Слепой достал из кармана горсть мелких монет и хотел протянуть хозяйке, но она сама с жадностью выхватила их у него из рук.
Тогда мальчик ощупью подошёл к своей постели, сел и принялся ждать. На скрипучем, расшатанном столе старуха подсчитывала мелочь; как только звяканье монет прекратилось, на мальчика посыпались упрёки:
— Опять ты почти ничего не принёс?!. Разве это деньги?!. Но тебе всё равно, ведь это мне приходится ломать голову над тем, как тебя прокормить… Неблагодарный! Знал бы ты, как тяжело ухаживать за убогим!.. Не был бы таким упрямым!.. Разве трудно разжалобить прохожих?! Кто откажет тебе в подаянии?! Достаточно лишь попросить плачущим голосом: «Будьте милостивы, подайте бедному слепому, который никогда не видел света…» Что тебе стоит? Только так и можно принести в дом какие-то деньги…
Мальчик промолчал. О чём угодно могла просить его старуха, лишь не об этом. Он не стал бы взывать к милосердию прохожих, даже если бы она избила его палкой, как в тот раз, когда решила, что слепой утаил от неё деньги, хотя потом старуха нашла монеты в подкладке плаща, — они провалились туда из рваного кармана.
Нет, он ни за что не станет просить прохожих. И без того невыносимо слушать, как некоторые из них, бросая в чашку монету, восклицают: «Бедняжка, такой маленький, а сколько ему приходится страдать! Ах, как мне жаль его!..»
Старуха, перестав ворчать, подошла к плите и принялась готовить ужин. Слепой сидел неподвижно и даже не старался угадать по запаху, что она варит.
Он думал и, как всегда, о самых необыкновенных вещах. Мальчик пытался вспомнить, сколько времени его не называли по имени, но с тех пор прошло много лет, и ему никак не удавалось вспомнить… Ах, да, это было в тот вечер, когда он принёс хозяйке денег вдвое больше обычного. Как правило, ему бросали пять лир, от силы десять, а тогда один синьор, разумеется, по ошибке, а может быть, это был просто сумасшедший, положил ему бумажку в пятьсот лир. Так или иначе, но в тот день дома был праздник и, что самое удивительное, старуха назвала его по имени и даже сказала ему несколько ласковых слов, но это случилось всего один раз.
Слепого никто не называл по имени; иногда он даже сам забывал, что его зовут Орландо.

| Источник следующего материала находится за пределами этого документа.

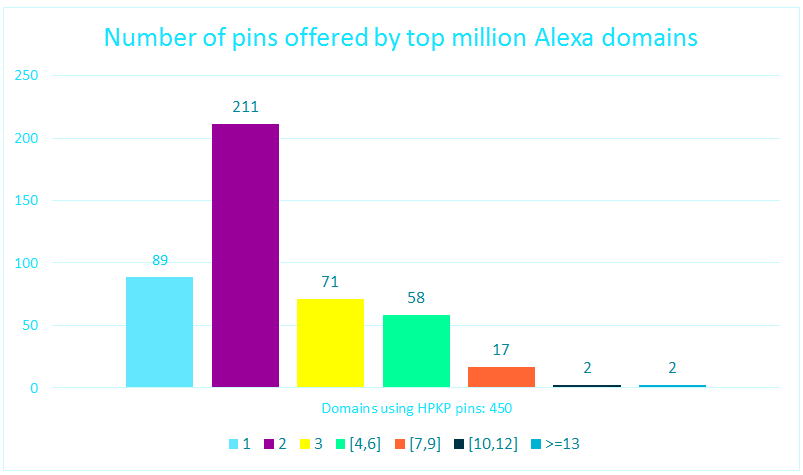 A la hora de implementar HPKP es importante respetar el número de pins requerido. A pesar de que los valores recomendados establecen usar entre 3 y 4 pins, algunos dominios usan desde un único pin (quebrantando la RFC) hasta 17, que resulta una clara irregularidad que reduce la eficiencia. Del top de un millón de dominios de Alexa, 282 de un total de 450 usan 2 o 3 pins, lo cual es correcto. Sin embargo 89 (19,8%) dominios usan uno o ninguno, lo que resulta inútil desde el punto de vista del navegador porque lo ignorará.

«Это имя слишком большое для меня», — думал мальчик. Когда он мысленно произносил своё имя, ему почему-то представлялся конь: сильный, высокий, по крайней мере, вдвое выше его самого. Орландо часто прислушивался к забавному цоканью копыт спокойных, пахнущих сеном лошадей, запряжённых в извозчичьи коляски, которые проезжали в нескольких метрах от него, и все лошади казались ему добрыми.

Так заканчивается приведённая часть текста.